Eine Woche zuvor, im Ligaspiel gegen GWD Minden, war noch alles wie immer in den zurückliegenden Monaten. Die Löwen kämpften auf dem Feld um Tore und Siege und ihr Kapitän saß zwei Meter hinter der Bank und versuchte, zumindest moralisch von dort aus zu helfen. Seit dem 24. November war das so, nachdem sich Gensheimer im Drittrundenspiel gegen die harmlosen Griechen Diomidis Argous die linke Achillessehne gerissen hatte. Es war die erste schwere Verletzung in der Karriere des Nationalspielers, der fortan nicht mehr als Anführer seines Teams auftreten konnte, sondern als Zuarbeiter.

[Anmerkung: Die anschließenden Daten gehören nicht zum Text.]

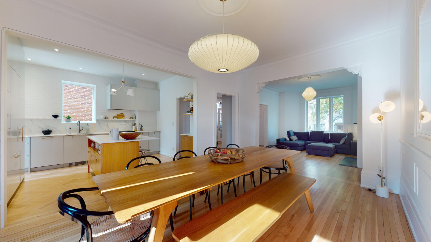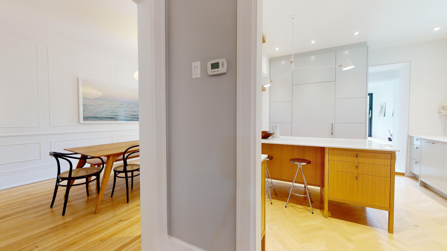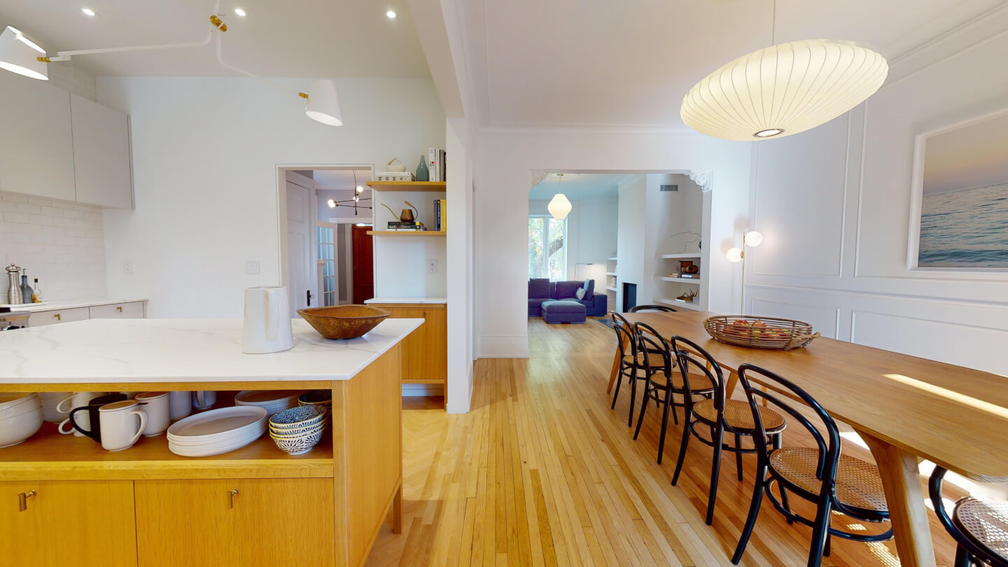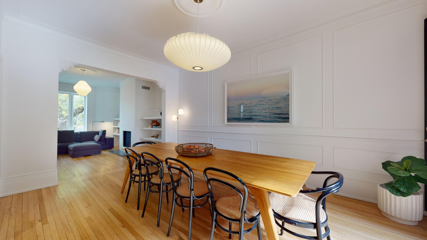 Salle à manger aux murs ornés d’élégantes moulures, celle-ci ouverte sur sa cuisine, porte patio pleine hauteur à la terrasse
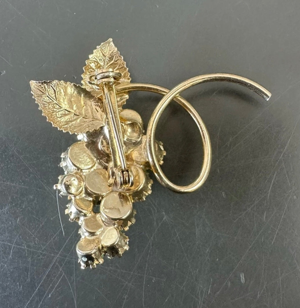 This vintage MCM grape cluster brooch features a stunning bright light green uranium glass, adding a touch of glamour to any outfit. Its early mid century design and excellent condition make it a must-have for any collector. Measuring at 1.5" x 1.5", it is a perfect statement piece.
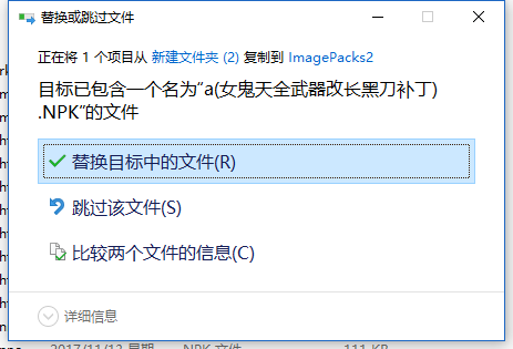 注意:游戏对应文件夹中只需要放入NPK格式的补丁文件,不要将效果图或其他文件夹也放入。
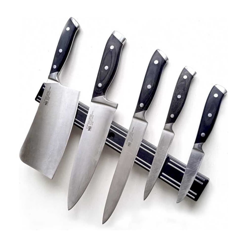 Усиленный магнитный держатель для инструмента и кухонных ножей Проф-Магнит, позволит вертикально закрепить действительно тяжелые инструменты и профессиональные ножи. В отличие от другим моделей, усиленный магнитный держатель, имеет увеличенную толщину Держатели для ножей легко крепятся на вертикальной поверхности, с помощью нескольких саморезов. Помимо ножей, можно закрепить данный магнитный держатель в Вашей рабочей зоне (гараж, кладовка, балкон и т.п.) и хранить на ней свой рабочий инструмент (отвертки, гаечные ключи, плоскогубцы и даже тяжелый топор). Не занимает много места. Все инструменты и ножи всегда под рукой и не занимают полезное пространство на столе или верстаке. Основные характеристики: Ширина (W) - 43 мм Длина (L) - 460 мм Высота (H) - 25 мм Расстояние между креплением (D) - 20 мм Корпус - пластмасса Цвет - черный Магнитный держатель для ножей поставляется с комплектующими для крепления на вертикальную поверхность.
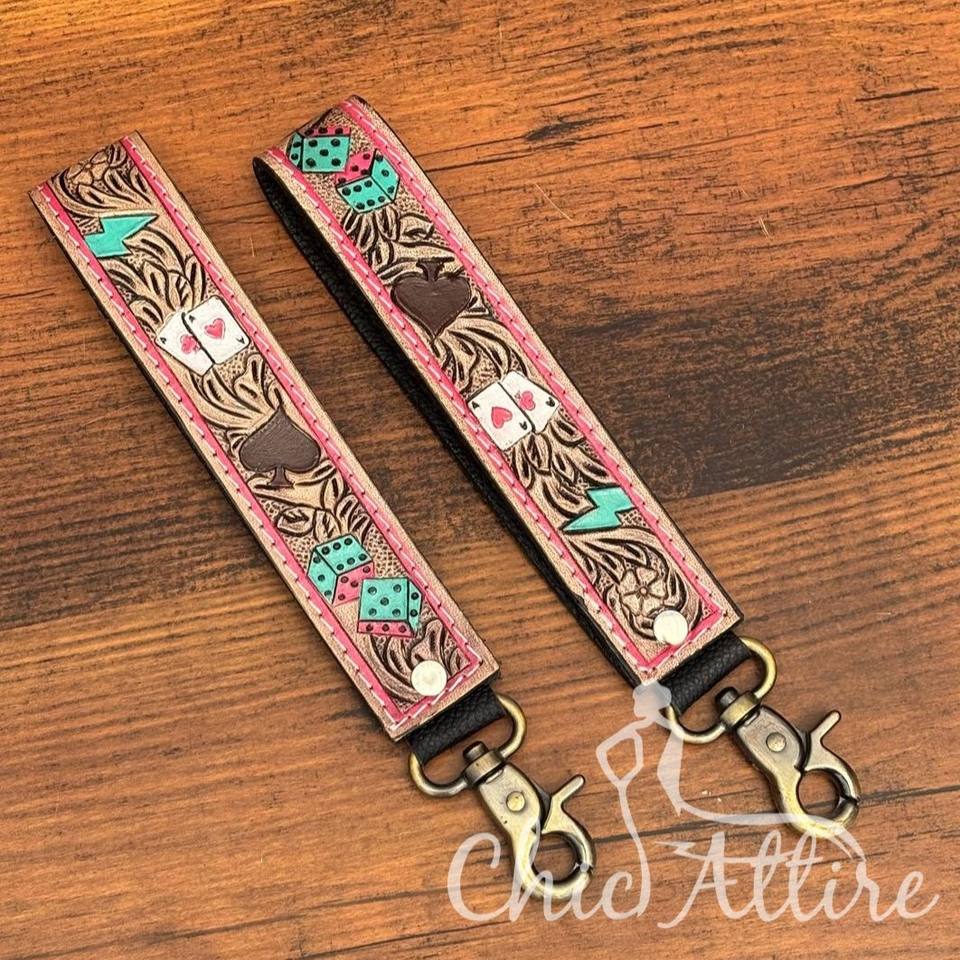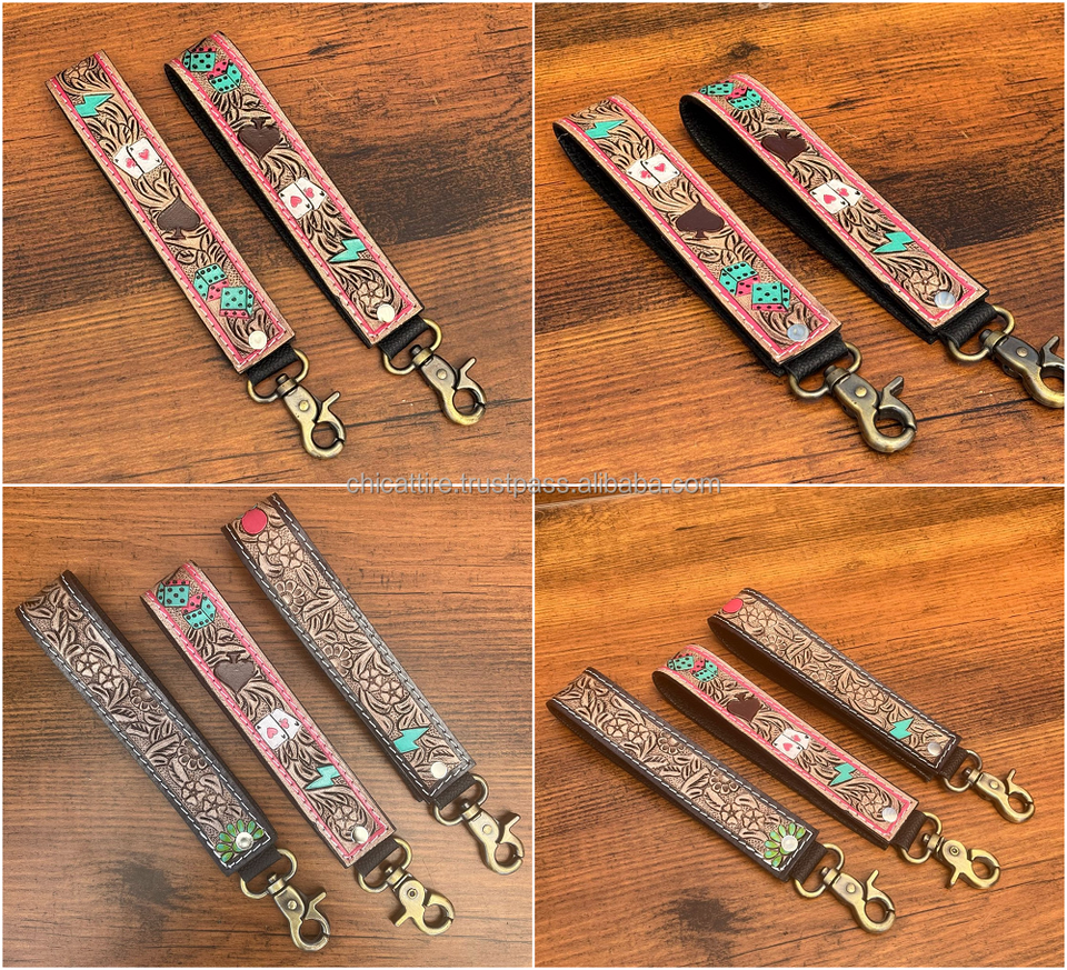 Product name:Hand Tooled Leather Lanyard Wristlet Keychain

„Das, was Uwe hier in Nantes gezeigt hat, ist überragend“, sagte Gudmundur Gudmundsson. Der Löwentrainer hatte genau auf den Effekt gehofft, der durch die Rückkehr Gensheimers eintrat. Im Halbfinale gegen Frisch Auf Göppingen stand der Linksaußen insgesamt zehn Minuten auf dem Feld und half mit 5/4 Toren beim 28:22-Sieg, den Einzug ins Endspiel zu sichern. Seinen großen Auftritt hatte er sich aber für das Finale aufgehoben, dem größten Spiel in der Geschichte seines Klubs.

Seit 2003 ist Gensheimer bei den Rhein-Neckar Löwen, die damals noch SG Kronau/Östringen hießen, als er als 17-Jähriger vom TV Friedrichsfeld, einem Mannheimer Stadtteilklub, zum damaligen Bundesliga-Aufsteiger wechselte. „Es wäre sehr bitter gewesen, wenn ich nach all den Jahren beim ersten Titel für diesen Verein nicht hätte spielen können“, sagte Gensheimer, als die Goldmedaille des Siegers bereits um seinen Hals hing. Den futuristischen Siegerpokal hatte er ein paar Minuten zuvor als Erster in die Höhe gestemmt. „Diesen Traum, den Pokal überreicht zu bekommen, hatte ich immer wieder und das hat mir in der Reha geholfen“, beschrieb der 26-Jährige seine Motivation in den zurückliegenden Monaten.

Doch in Nantes schien diese Phase die weit entrückte Vergangenheit zu sein, zu strahlend war die Gegenwart. Gegen die mit allen Mitteln kämpfenden Gastgeber aus Nantes stand Uwe Gensheimer 25 Minuten auf dem Feld, was eigentlich mehr war als geplant. „Zwei Mal zehn Minuten waren vorgesehen“, gab Gudmundsson zu. Doch der Kapitän wurde gebraucht und ging im Hexenkessel vor 5000 euphorisierten Zuschauern im Palais des Sports voran.

Zehn Tore, vier davon per Siebenmeter, machten ihn zum Matchwinner. „Das heute war nur unbändiger Wille“, sagte Gensheimer später. Er wollte diesen Pokal mit aller Macht und ging dafür das Restrisiko ein, sich neuerlich zu verletzen. „Wir haben alles getestet und in Kiel habe ich gemerkt, dass es geht“, erklärte der Nationalspieler. Im Auswärtsspiel vier Tage vor dem Finalturnier beim THW hatte Gensheimer überraschend sein Comeback gegeben und stand drei Minuten auf dem Feld. Mehr Eingewöhnungszeit benötigte der Linksaußen nicht, in Nantes startete er bereits voll durch.

Ganz zum Schluss sprach auch Patrick Groetzki über seinen Kollegen. Der Rechtsaußen war es, der Gensheimer unmittelbar nach der Schlusssirene im Palais des Sports von Nantes an der Mittelllinie liegend „aufsammelte“ und ihn zu den übrigen Mannschaftskollegen führte, die ausgelassen feierten. „Heute hat Uwe gezeigt, warum er der wohl beste Linksaußen in der Handball-Welt ist“, sagte Groetzki. Kein Widerspruch.